Krizle ilgili olguları, biraz da “gönlüm neyi görmek istiyorsa” diye görmek ve yorumlamak da mümkün. Buradan istenirse hem pembe senaryo, hem de kapkara bir senaryo yazılabilir; ama ihtimaller bu ikisinden ibaret değil elbette. Arada daha bir dizi farklı renkle ifade edilebilecek senaryolar var. Yine de pembe bir senaryoya şöyle başlanabilir.
Pembe senaryo
Kriz, yatırım bankacılığı adı verilen sonradan yetme, “gölge bankacılığın” marifeti. Bunların yol açtığı mortgage enkazı ve toksik maddeler, ABD’de Kongreden geçirilen 850 milyar dolarlık paketle bir süre sonra bir safra gibi alınır, özellikle mevduat bankalarına, reel sektöre sıçraması engellenir.

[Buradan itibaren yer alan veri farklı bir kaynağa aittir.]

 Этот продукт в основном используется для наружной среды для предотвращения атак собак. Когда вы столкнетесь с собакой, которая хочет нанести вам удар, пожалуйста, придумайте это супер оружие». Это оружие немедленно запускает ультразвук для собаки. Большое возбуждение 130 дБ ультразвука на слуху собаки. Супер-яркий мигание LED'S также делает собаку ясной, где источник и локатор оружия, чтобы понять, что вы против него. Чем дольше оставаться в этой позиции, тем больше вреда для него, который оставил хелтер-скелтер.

Kurulan varlık şirketi, bankalardan, şirketlerden, bugün para etmez hale gelen bu varlıkları, zordaki kuruluşlara da faydası olacak bir fiyattan alır ve sırtlarındaki bu kamburdan kurtulan firmalar, bankalar böylece rahatlamış olur. Piyasa değerleri yeniden yükselir, borsada bunlara olan iltifat yeniden artar. Bu kuruluşlar da yeniden kaynak aracılığına başlarlar ve faiz indirimleri gerçekleşir, yeni kaynak enjeksiyonuyla, ABD ekonomisinde, 2009’un ilk çeyreğinden başlayarak ekonomi yeniden büyümeye başlar. Üstelik Kasım seçimlerinde işbaşına gelecek olan Demokratlarla birlikte yeni bir sayfa açılmış olur. Sarsıntı geçiren firmalar birbirleriyle evlendirilir, güçlendirilir. Kriz, daha sıhhatli bünyelere de vesile olur böylece.

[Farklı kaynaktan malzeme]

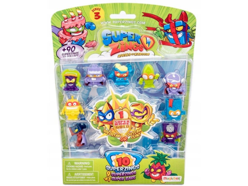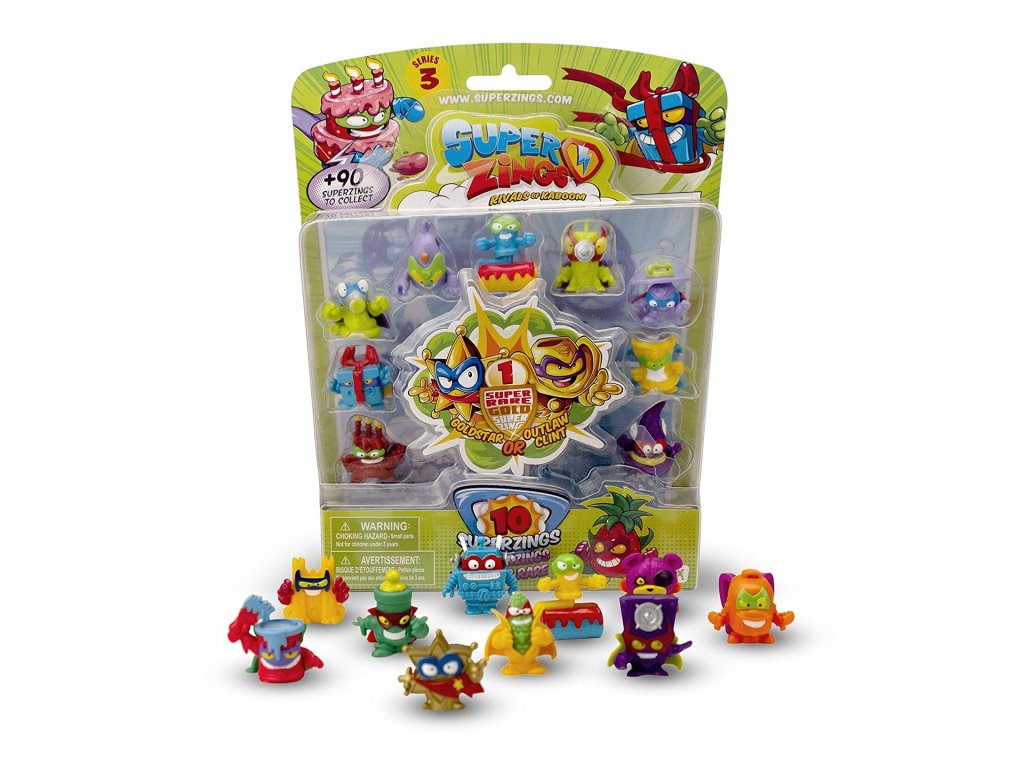 W serii 3 jest ponad 90 nowych SuperZingów! Ten spektakularny zestaw zawiera dziesięć różnych SuperZings, w tym jedną figurkę Super-Rare Gold.

Yatırım bankacılığının yol açtığı sarsıntı, bir daha böyle iş kazaları olmasın diye gözden geçirilir, önlemler alınır, kamuoyu da uyarılır. Bu durum Amerikalılara bir ders olur, ölümü gördükleri için sıtmaya razı olur, yardım paketini de sineye çekerler ve hayata dönüşle beraber her şey yeniden yoluna girer. Bütçede, kurtarmalardan dolayı faiz harcamaları arttığı gibi, ABD’nin asker-polis harcamaları da budanmaktadır. Bu, ABD’yi hegemonik dünya gücü olmaktan da çıkaracaktır, artık eskisi gibi saldırganlaşamayacak, gücünü farklı kutuplarla paylaşmayı öğrenecektir. Artık tek kutuplu ABD’den oluşan dünya, Rusyası, İranı, Çini, hatta Brezilyası ile, çok kutuplu bir dünya olmaya doğru seyretmektedir ki, bu da dünya barışı ve istikrarı açısından olumlu bir gelişmedir.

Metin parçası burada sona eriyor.